BEGIN PROVIDED MATERIAL
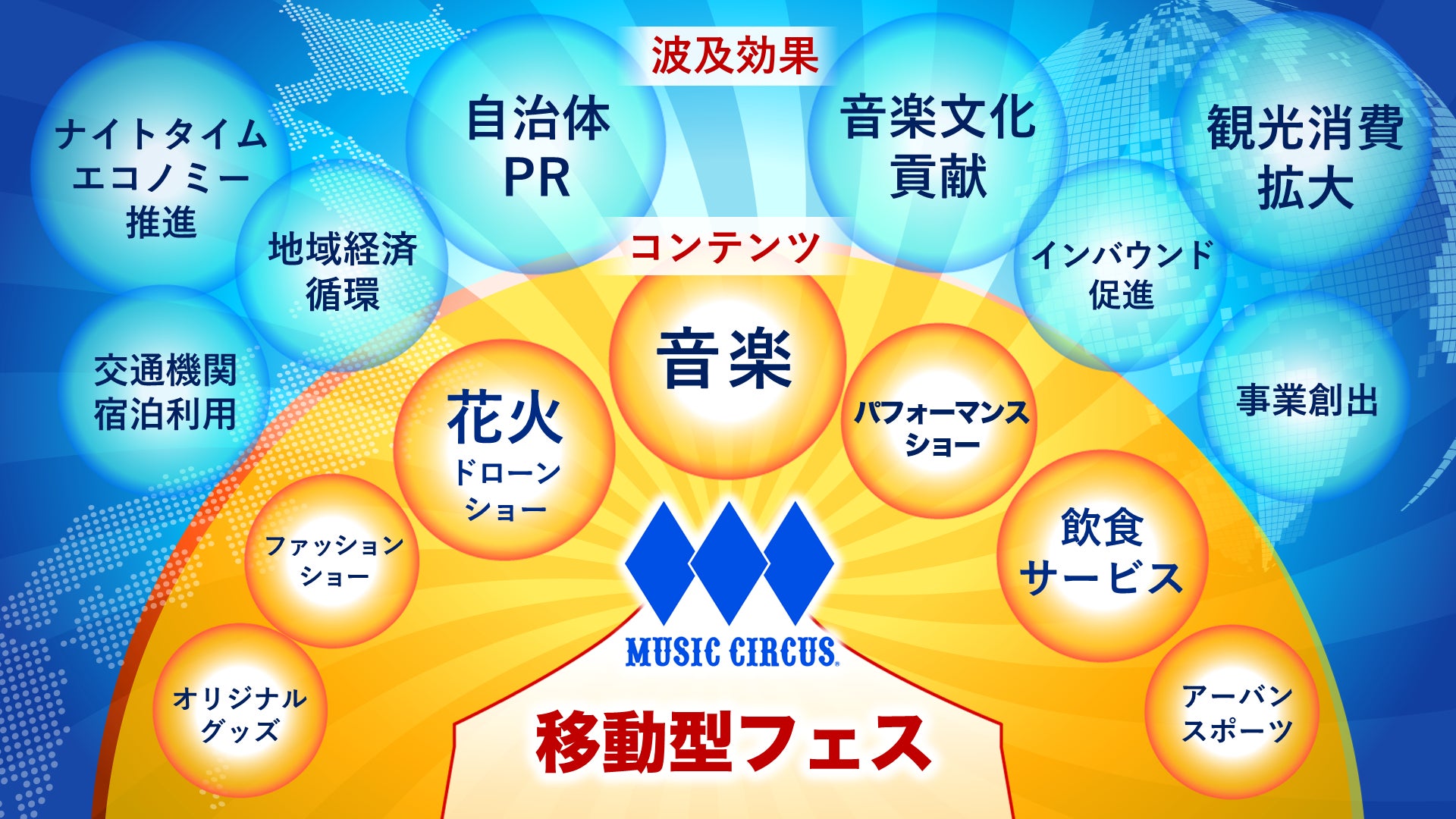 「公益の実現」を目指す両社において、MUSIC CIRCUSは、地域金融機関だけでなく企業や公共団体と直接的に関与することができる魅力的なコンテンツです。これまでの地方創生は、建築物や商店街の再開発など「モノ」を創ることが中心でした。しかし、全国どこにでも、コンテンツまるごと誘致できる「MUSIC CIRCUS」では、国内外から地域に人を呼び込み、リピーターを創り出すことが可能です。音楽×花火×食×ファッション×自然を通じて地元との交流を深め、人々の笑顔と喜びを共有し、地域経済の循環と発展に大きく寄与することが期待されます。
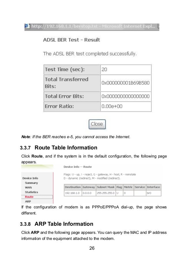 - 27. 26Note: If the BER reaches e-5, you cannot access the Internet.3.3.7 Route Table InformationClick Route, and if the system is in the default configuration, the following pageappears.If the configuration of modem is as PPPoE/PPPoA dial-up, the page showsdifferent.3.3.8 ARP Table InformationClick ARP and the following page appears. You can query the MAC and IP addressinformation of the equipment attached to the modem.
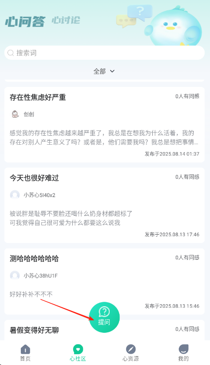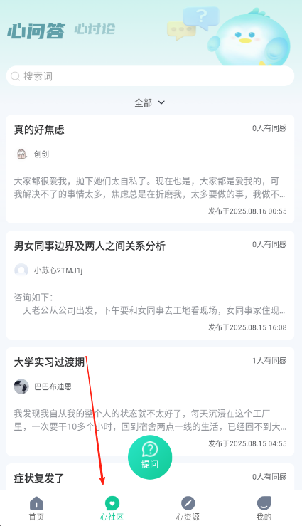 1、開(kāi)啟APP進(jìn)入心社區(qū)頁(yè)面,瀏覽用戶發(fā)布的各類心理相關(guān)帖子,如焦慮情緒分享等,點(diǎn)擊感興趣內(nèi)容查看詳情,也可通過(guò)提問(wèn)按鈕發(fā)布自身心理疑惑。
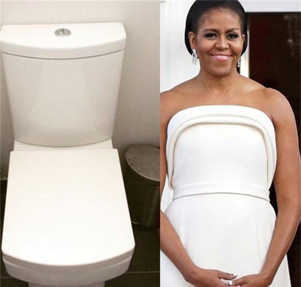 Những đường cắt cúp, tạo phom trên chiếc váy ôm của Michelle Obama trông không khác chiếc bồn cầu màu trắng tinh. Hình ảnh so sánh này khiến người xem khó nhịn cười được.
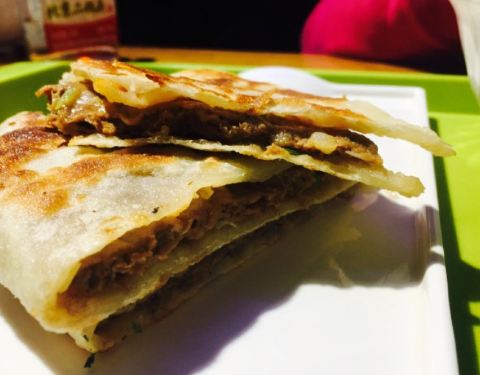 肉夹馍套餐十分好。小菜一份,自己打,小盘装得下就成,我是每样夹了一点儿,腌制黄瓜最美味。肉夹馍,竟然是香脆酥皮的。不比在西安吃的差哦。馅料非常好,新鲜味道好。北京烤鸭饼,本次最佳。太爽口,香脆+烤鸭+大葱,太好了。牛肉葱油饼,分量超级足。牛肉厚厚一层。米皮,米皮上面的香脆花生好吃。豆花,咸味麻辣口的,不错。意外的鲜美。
END PROVIDED MATERIAL
- **WHAT THE TASK REQUIRES**
Return the data verbatim, leaving out the pictures it holds.

- **WRITTEN RESPONSE**
 「公益の実現」を目指す両社において、MUSIC CIRCUSは、地域金融機関だけでなく企業や公共団体と直接的に関与することができる魅力的なコンテンツです。これまでの地方創生は、建築物や商店街の再開発など「モノ」を創ることが中心でした。しかし、全国どこにでも、コンテンツまるごと誘致できる「MUSIC CIRCUS」では、国内外から地域に人を呼び込み、リピーターを創り出すことが可能です。音楽×花火×食×ファッション×自然を通じて地元との交流を深め、人々の笑顔と喜びを共有し、地域経済の循環と発展に大きく寄与することが期待されます。
 - 27. 26Note: If the BER reaches e-5, you cannot access the Internet.3.3.7 Route Table InformationClick Route, and if the system is in the default configuration, the following pageappears.If the configuration of modem is as PPPoE/PPPoA dial-up, the page showsdifferent.3.3.8 ARP Table InformationClick ARP and the following page appears. You can query the MAC and IP addressinformation of the equipment attached to the modem.
 1、開(kāi)啟APP進(jìn)入心社區(qū)頁(yè)面,瀏覽用戶發(fā)布的各類心理相關(guān)帖子,如焦慮情緒分享等,點(diǎn)擊感興趣內(nèi)容查看詳情,也可通過(guò)提問(wèn)按鈕發(fā)布自身心理疑惑。
 Những đường cắt cúp, tạo phom trên chiếc váy ôm của Michelle Obama trông không khác chiếc bồn cầu màu trắng tinh. Hình ảnh so sánh này khiến người xem khó nhịn cười được.
 肉夹馍套餐十分好。小菜一份,自己打,小盘装得下就成,我是每样夹了一点儿,腌制黄瓜最美味。肉夹馍,竟然是香脆酥皮的。不比在西安吃的差哦。馅料非常好,新鲜味道好。北京烤鸭饼,本次最佳。太爽口,香脆+烤鸭+大葱,太好了。牛肉葱油饼,分量超级足。牛肉厚厚一层。米皮,米皮上面的香脆花生好吃。豆花,咸味麻辣口的,不错。意外的鲜美。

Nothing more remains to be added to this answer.